The pain inhibition (%) was calculated for each tested compound, using the following formula:
Pain inhibition (%) = (Tt-T0)/(Tm-T0) x 100
in which:
Tt = the nociceptive response measured at 4 h after of ibuprofen derivatives administration;
T0 = the nociceptive response measured before any treatment (initially);
Tm = the maximum allowed time (cut-off time).
The presence of analgesic effect (anti-nociceptive potential) is highlighted by an increased latency response after administration of the ibuprofen derivatives in reference with the initially value.

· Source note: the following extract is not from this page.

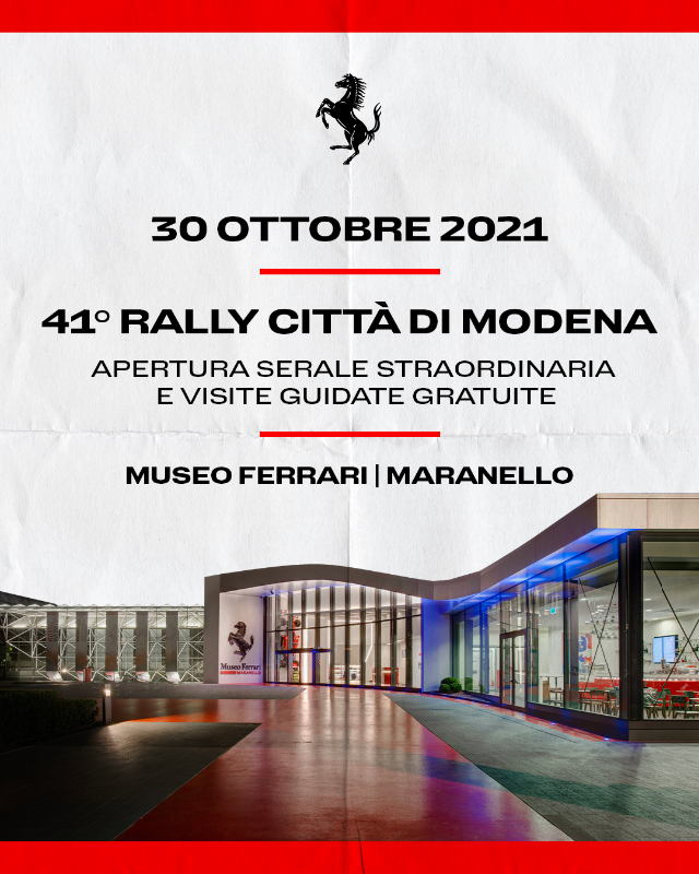 In occasione del 41° Rally Città di Modena, il #MuseoFerrari di Maranello resterà aperto fino alle 22:00

Writhing assay is a model of visceral pain, induced to mice by intraperitoneal administration of acetic acid. It is characterized through abdominal contractions, body movements (especially of the posterior members), writhing of the dorsal-abdominal muscles with reduced locomotor activity. The applied experimental protocol was in agreement with the literature data with slightly modifications [17, 18]. The ibuprofen derivatives (4a-n) were administered by oral gavage in a daily dose representing 1/20 of LD50 as suspension in tween 80 (0.1 mL/10 g b.w.) (Table 1). Ibuprofen, as reference drug and tween 80 (0.1 ml/10 g b.w.), as control, were used in similar conditions. One hour after administration of tested compounds, the acetic acid (0.6% water solution), as irritating agent, in volume of 0.1 ml/10 g b.w. was intraperitoneally injected. After other 5 min the number of writhings for each mouse was noted, every 5 min, during 30 min. The analgesic effect, expressed as inhibition (%) of writhings was calculated for each tested compounds, using the following formula [14]:
Inhibition (%) = (Nc-Nt) x 100 / Nc
in which:
Nc = the writhings number recorded for mice from control group
Nt = the writhings number recorded for mice of group treated with ibuprofen derivatives
It is estimated that the analgesic activity is higher if the writhings number is decreased in comparison with control group.
Statistical analysis
Data are presented as mean ± standard deviation. The one-way analysis of variance (ANOVA) and Tukey post hoc test were used to determine whether there are any statistically significant differences between tested compounds and control. The p value <0.05 was considered to be statistically significant.